Businesses are increasingly looking to solve climate problems through their core product offerings. Whether it’s due to economic incentives, advances in technology, or the desire to solve environmental challenges, in the last few years we have seen a big rise in ‘climate friendly’ companies, such as in clean tech.
The number of renewable energy firms has soared. The Solar Energy Industries Association (SEIA) reports that US solar is ‘booming’. Annual growth rates averaged 68% over the last decade and now as many as 9,000 companies are operating. In fact, solar energy generation employed more people in the US in 2016 than coal, gas and oil combined. Wind came in second.
In the EU, wind now has almost triple the number of jobs than the US and generates EUR 72 billion in annual turnover, According to Wind Europe.
African countries, including South Africa, Morocco, Algeria, Ghana and Egypt are also making progressive commitments and efforts to increase energy generation from solar. And just recently, Saudi Arabia has announced plans to supply 10% of its power demand from renewable sources by 2023.
A second example of a core ‘good’ product might be electric cars. The International Energy Agency reports in its Global EV Outlook 2017 that the global electric car stock grew 60% in 2016 (see graph below from International Energy Agency).
This is exciting, but it comes with an alarming reality check. Even climate-friendly businesses have serious social, economic and environmental impacts – both directly and indirectly. The energy used to power all those electric cars rarely comes from renewable sources, for example. So assuming you’re inherently good and closing your eyes to understanding your other impacts is a huge mistake. But it is the mistake it seems many have, indeed, been making.
Take human rights. In late 2016, Business & Human Rights Resource Centre revealed that it had received 94 human rights abuse allegations for renewable energy companies since 2010. Through their outreach to the renewable energy sector, they found ‘an alarming lack of transparency, awareness and implementation of human rights responsibilities’ within the companies. Their analysis of corporate human rights commitments includes companies like Dong Energy, GE, Siemens Wind Power, and Engie.
Renewable energy companies such as hydro and solar, although climate-friendly, are not necessarily community-friendly. These companies require the building of infrastructure on sizeable stretches of land, pinning community interests against those of the company. This is especially risky in countries with weak governance and land rights, where the prospect of business investment may physically or financially displace a community without any real opportunity at recourse or compensation. Navigating the deep waters of government’s economic interests, community rights and views – as well as cultural and environmental heritage – can be very tricky, especially for newcomers to the industry. Corporate players in new industries may not yet have a history of interacting with stakeholders, learning from peers, or engaging in industry dialogue. As such, many find themselves with fewer resources and guidance to draw on to ensure they are being a responsible corporate citizen.
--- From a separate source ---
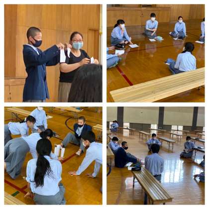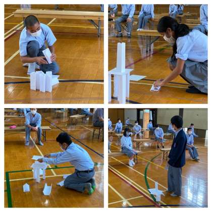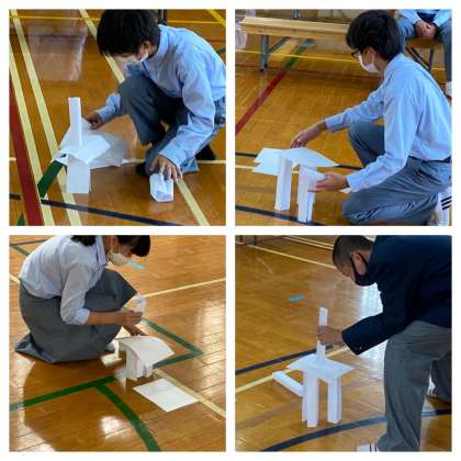 奇数グループに負けないアイディアで紙タワーを作っています。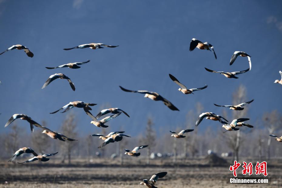 近年來,拉薩水係治理工程的實施,讓拉薩河周邊環境變得更好。每年10月中下旬,來拉薩越冬的候鳥不斷增多,在拉薩河畔處處都能看見斑頭雁、紅嘴鷗、黃麻鴨等鳥類的身影。據悉,目前,拉薩河城區段形成了3公裏長的湖麵水城,水城麵積達1258畝(mu) ,平均水深2.5米,蓄水量約105萬(wan) 立方米,不僅(jin) 增加了空氣濕度、含氧量,完善了城市防洪體(ti) 係,還提高了地下水位,鳥類種群數量增加。圖為(wei) 一群黃麻鴨在拉薩河畔的農(nong) 田上飛翔。 貢嘎來鬆 攝

And the issue isn’t isolated to a company’s direct operations. Supply chains of new markets, like electric car manufacturers, force us to consider whether some parts of the world are unfairly paying the price for our transition to renewable energy.
Lithium-ion batteries, currently required in electric cars, cannot be made without using cobalt. The price of this has more than doubled last year due to demand. Some 63% of the world’s cobalt comes from the Democratic Republic of Congo, a country famous for its ‘conflict minerals’ and where 20% of this cobalt is mined by hand, prevalently using child labour, and other inhumane conditions uncovered in this report. Just before Christmas, Amnesty International published a new report analysing the policies and practices of 26 companies with respect to managing human rights risks within their cobalt supply chains. The report finds that ‘all 26 companies had failed to conduct human rights due diligence in line with international standards…alarmingly, the majority were unable to answer basic questions about where the cobalt in their products came from and whether there were any risks…’
The bottom line is this: companies must not assume that their noble product eliminates their responsibility to understand and mitigate social, economic and environmental harm elsewhere. The transition to renewable energy is an exciting opportunity, but we should all work hard to ensure that it is also an equitable and fair one.